Looking at our example row above, we see an example value for each:
* id: '9858'
* Age: '53'
* BirthDate: '1964-11-24 10:54:00.000'
* Registered: '2016-10-11 07:38:00'

In the cell below, complete the Python parsing code so that each of string values is parsed succesfully. For the timestamp values, refer to [this table for the format codes](https://docs.python.org/2/library/datetime.html#strftime-strptime-behavior).

In [223]:
#TODO 1: parse an int from the string id
#TODO 2: parse an int from the string age
#TODO 3: provide the format string to parse a timestamp from the string BirthDate 
#TODO 4: provide the format string to parse a timestamp from the string Registered
print(
    #TODO 1('9876'),
    #TODO 2('53'),
    datetime.datetime.strptime('1964-11-24 10:54:00.000', #TODO 3),
    datetime.datetime.strptime('2016-10-11 07:38:00', #TODO 4)
    )

9876 53 1964-11-24 10:54:00 2016-10-11 07:38:00

Next, modify the lambda to apply your parsing function to the appropriate cells. 

In [None]:
##TODO 1: parse the age field into an int
#TODO 2: parse the Registered field into a timestamp
fields = lines.rdd.map(lambda l: l.value.split(","))
rows = fields.map(lambda p: (int(p[0]), p[1], p[2], p[3], p[4], p[5], 
                            p[6], p[7], p[8], p[9], p[10], 
                            p[11], p[12], p[13], p[14], #TODO 1(p[15]),
                            p[16], 
                            datetime.datetime.strptime(p[17], "%Y-%m-%d %H:%M:%S.%f"), 
                            #TODO 2(p[18], ),
                            p[19]))

Now create a new DataFrame and verify your first row was handled correctly.

In [None]:
users_df = spark.createDataFrame(rows, users_schema)
users_df.take(1)

As before, create a temporary view for this DataFrame.

In [None]:
users_df.createOrReplaceTempView("users_view")

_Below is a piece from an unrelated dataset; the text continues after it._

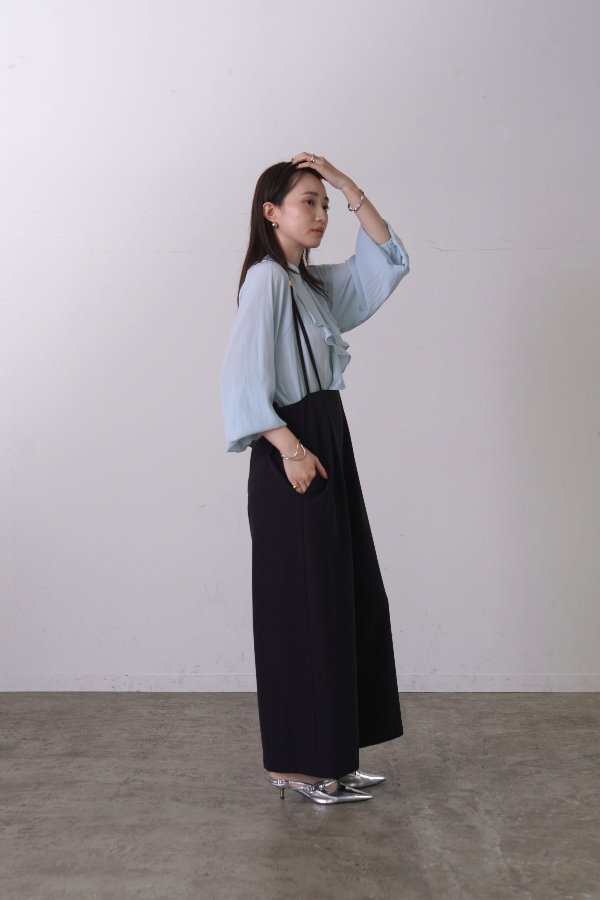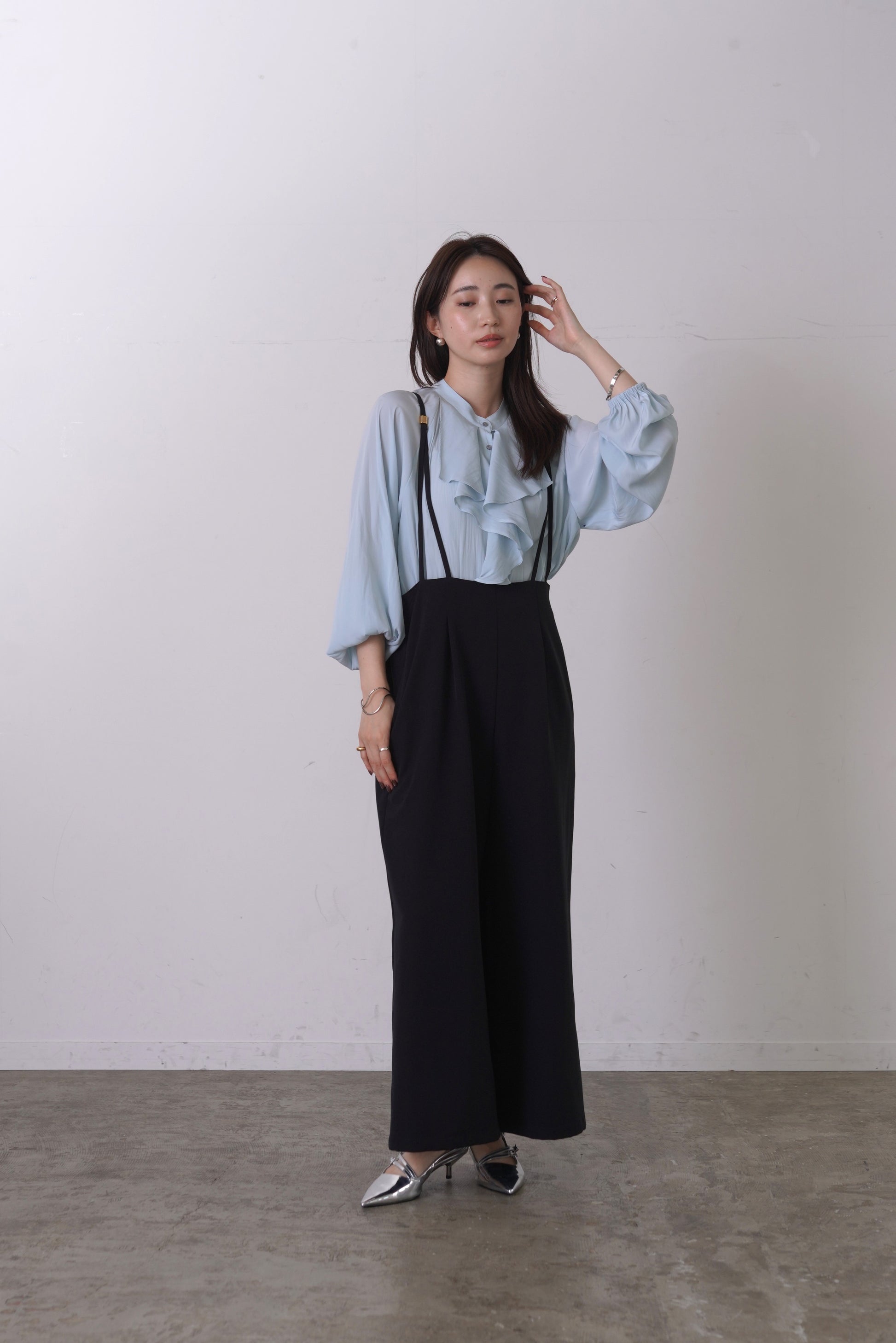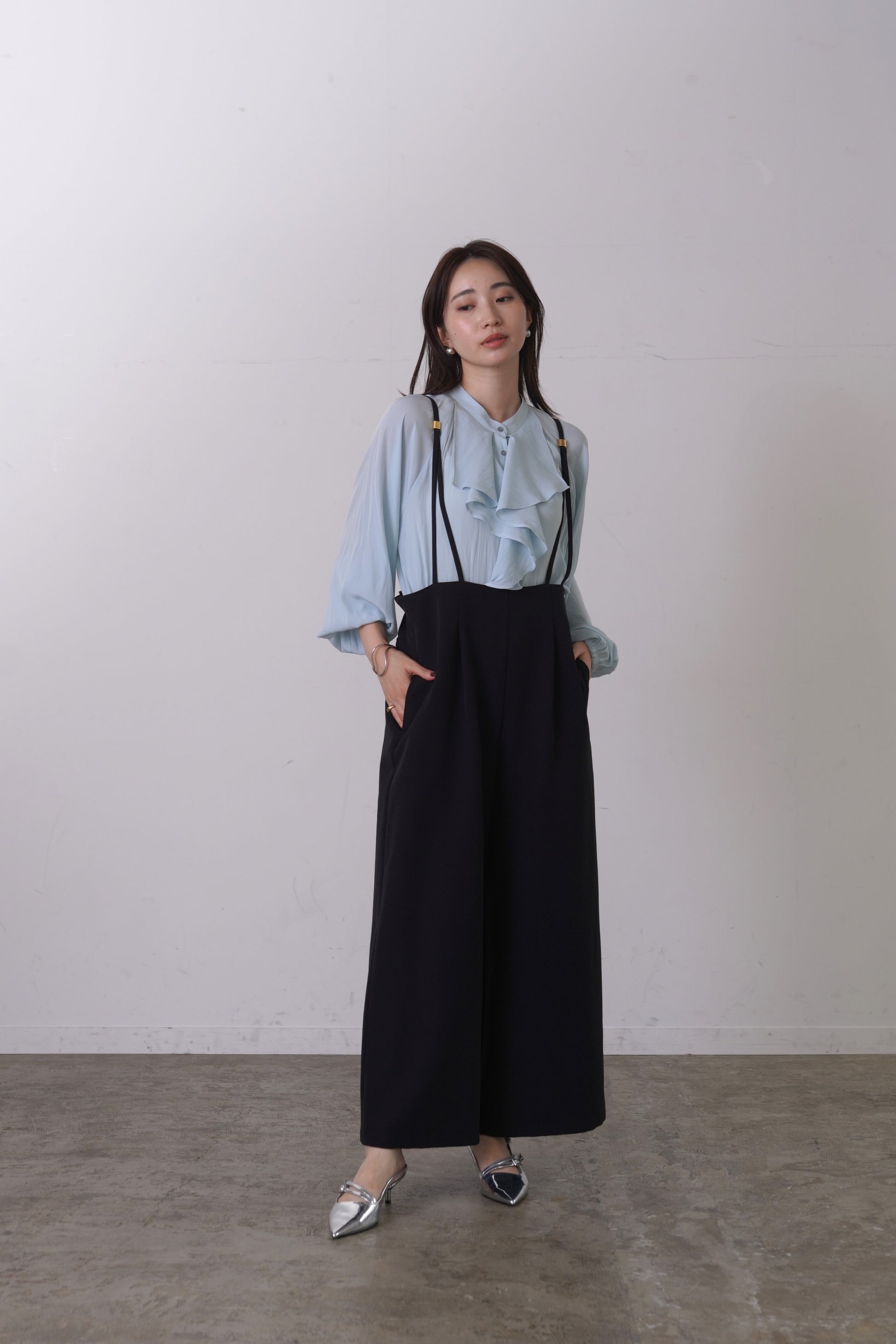 minkchair定番人気のダブルクロスサロペット。イージーケア、防シワ、抗ピリング、ストレッチ性に優れた軽量のダブルクロス素材を使用しています。後身頃のリボンでウエストの調節ができ、どんな体型の方にもアジャストするサイズ感が人気のポイント。

Next, query the view to summarize the table and spot check your data parsing is working correctly.

In [None]:
%%sql
select count(id), min(id), max(id), 
        min(age), max(age), min(BirthDate), max(BirthDate), 
        min(Registered), max(Registered)
from users_view

Finally, save this view as new Hive table called users.

In [None]:
users_df.write.mode("overwrite").saveAsTable("users")

## Cleanup

Since we don't need the weblogs_view anymore, we can drop it. Because it is a temporary view it will get dropped when our Spark session ends, but we can use the following to drop it sooner.

In [None]:
spark.catalog.dropTempView("weblogs_view")

## Conclusion

In the lab you have learned how to use Spark SQL (and PySpark) to batch process a 10GB text file dataset, quickly explore its content, identify issues with the data, clean and format the data and load it into a Hive table to support downstream analytics. Specifically you:
* Loaded text flat files into a Spark SQL DataFrame.
* Added a new column to the DataFrame that stored the TransactionData in the format desired.
* Created a temporary view from the DataFrame.
* Copied the data from the DataFrame into a Hive table and stored the data using Parquet.
* Verified you can query the Hive table and observed the increase in query speed that came from saving the data in Parquet.